**Prompt**
The records below must be written out exactly, with every picture left behind.

**Data for analysis**
::::
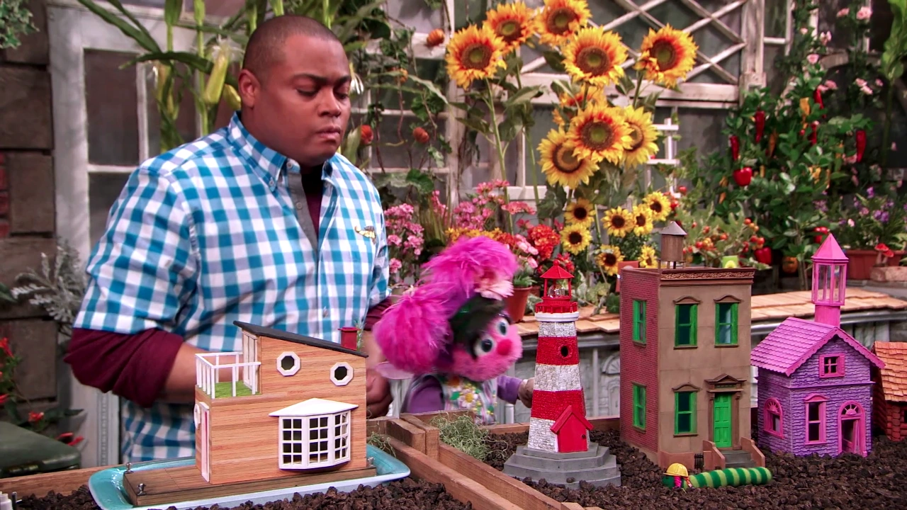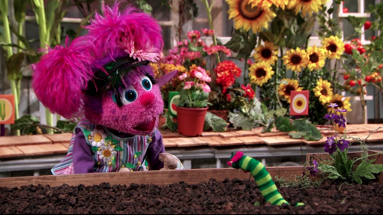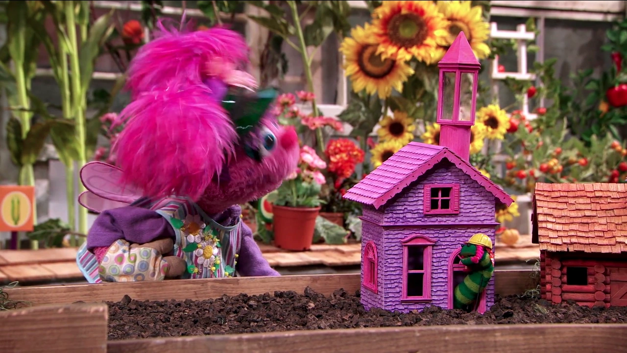 SCENE 1 | Abby inspects her fairy garden, when she meets a worm - Francine Lloyd Wright (her friends call her "Frankie"). She's always kept her head in the mud and is amazed at the sights of the garden. When Abby asks what her home is like, Frankie is confused - she's never heard of a "home" before. Abby explains what one is and shows her some examples of nearby apartments. Frankie instantly falls for a green home (actually Hooper's Store) and rushes toward it. |
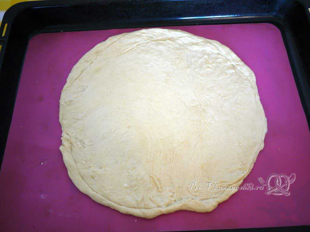 - Аккуратно скалкой раскатываем готовое дрожжевое тесто. Оно должно получиться тонким и круглым по форме. Получившийся «блинчик» выкладываем на разогретый противень. Смазываем тесто соусом, наверх кладут кружочки колбасы, за несколько минут до полного приготовления все это обильно посыпаем сыром.
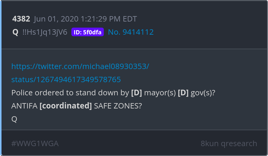 Police ordered to stand down by [D] mayor(s) [D] gov(s)? ANTIFA [coordinated] SAFE ZONES? https://twitter.com/michael08930353/status/1267494617349578765 Posted 05/31/2025 09:32 PM Categories Clips, Q
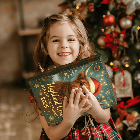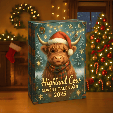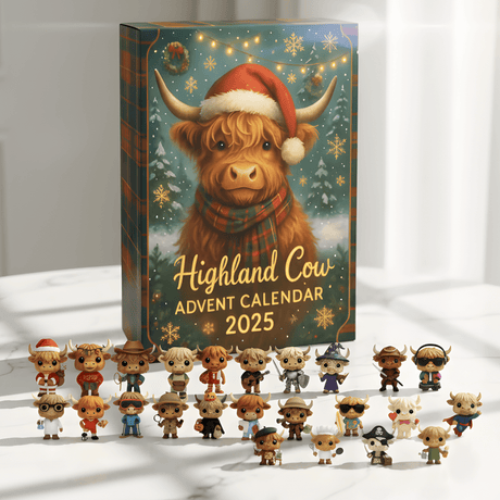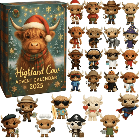 HighlandJoy – 2D Julkalender med 24 Highland Cow-figurer för Nedräkning till Jul
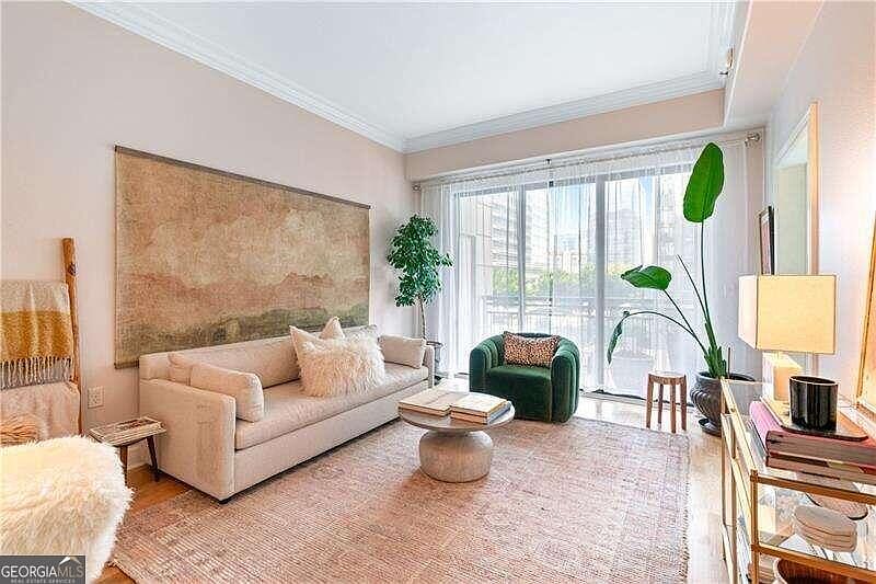 Luxury 1 bedroom and 1 bath residence in the heart of Buckhead with breathtaking views of the city. The home features oversized windows with spectacular views. This unit has an open floor plan with an updated kitchen that has quartz countertops, stainless steel appliances and stained cabinets. Hardwood floors throughout the home except in the bedroom and bathroom. Bathroom is tiled and the bedroom is carpeted. Family room is large and has glass doors leading to a balcony. Oversized owner-suite has a custom California walk-in closet and a spa bathroom. Space for washer and dryer in a secluded private closet. Not only is The Paramount at Buckhead in an awesome location with walking distance to Marta, Lenox Mall, Phipps Plaza and fine restaurants, but you will never want to leave the fabulous resort-like amenities. Amenities consist of gym, pool, tennis court, movie theatre with media library, cabanas with flat screen tv's, 24 hour concierge, valet, business center with conference rooms, gas grill and coffee bar. A jewel to call home!
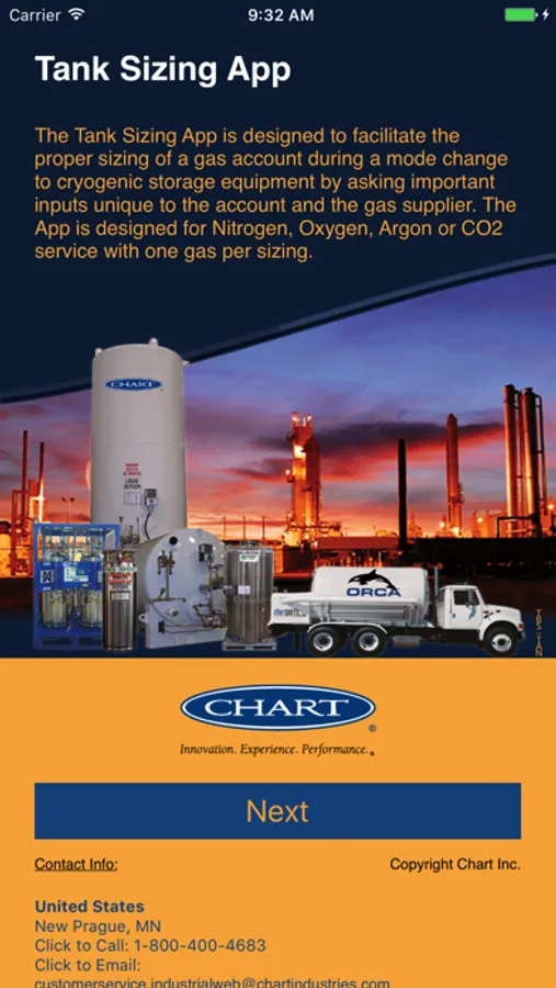 This app is to provide assistance in the proper sizing of a gas account during a mode change to cryogenic storage equipment by asking important inputs unique to the account and the gas supplier. The app is designed to work for nitrogen, oxygen, argon and carbon dioxide service with one gas per sizing.
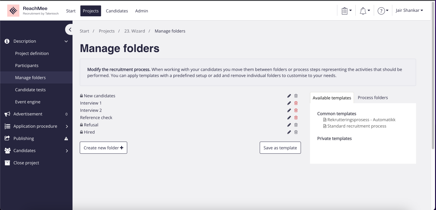 In ReachMee, recruitment process swim lanes are referred to as “Folders”.
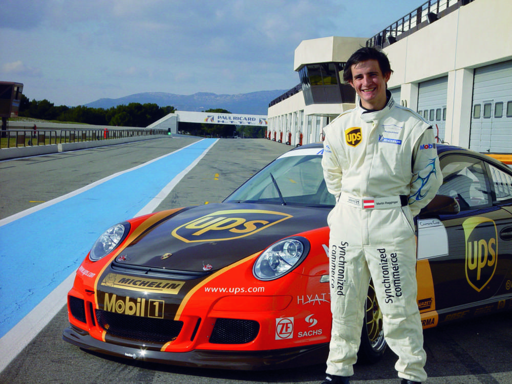 The new UPS-Porsche-Junior: Martin Ragginger in front of the Porsche GT3 Cup
::::
**Exercise output**
 SCENE 1 | Abby inspects her fairy garden, when she meets a worm - Francine Lloyd Wright (her friends call her "Frankie"). She's always kept her head in the mud and is amazed at the sights of the garden. When Abby asks what her home is like, Frankie is confused - she's never heard of a "home" before. Abby explains what one is and shows her some examples of nearby apartments. Frankie instantly falls for a green home (actually Hooper's Store) and rushes toward it. |
 - Аккуратно скалкой раскатываем готовое дрожжевое тесто. Оно должно получиться тонким и круглым по форме. Получившийся «блинчик» выкладываем на разогретый противень. Смазываем тесто соусом, наверх кладут кружочки колбасы, за несколько минут до полного приготовления все это обильно посыпаем сыром.
 Police ordered to stand down by [D] mayor(s) [D] gov(s)? ANTIFA [coordinated] SAFE ZONES? https://twitter.com/michael08930353/status/1267494617349578765 Posted 05/31/2025 09:32 PM Categories Clips, Q
 HighlandJoy – 2D Julkalender med 24 Highland Cow-figurer för Nedräkning till Jul
 Luxury 1 bedroom and 1 bath residence in the heart of Buckhead with breathtaking views of the city. The home features oversized windows with spectacular views. This unit has an open floor plan with an updated kitchen that has quartz countertops, stainless steel appliances and stained cabinets. Hardwood floors throughout the home except in the bedroom and bathroom. Bathroom is tiled and the bedroom is carpeted. Family room is large and has glass doors leading to a balcony. Oversized owner-suite has a custom California walk-in closet and a spa bathroom. Space for washer and dryer in a secluded private closet. Not only is The Paramount at Buckhead in an awesome location with walking distance to Marta, Lenox Mall, Phipps Plaza and fine restaurants, but you will never want to leave the fabulous resort-like amenities. Amenities consist of gym, pool, tennis court, movie theatre with media library, cabanas with flat screen tv's, 24 hour concierge, valet, business center with conference rooms, gas grill and coffee bar. A jewel to call home!
 This app is to provide assistance in the proper sizing of a gas account during a mode change to cryogenic storage equipment by asking important inputs unique to the account and the gas supplier. The app is designed to work for nitrogen, oxygen, argon and carbon dioxide service with one gas per sizing.
 In ReachMee, recruitment process swim lanes are referred to as “Folders”.
 The new UPS-Porsche-Junior: Martin Ragginger in front of the Porsche GT3 Cup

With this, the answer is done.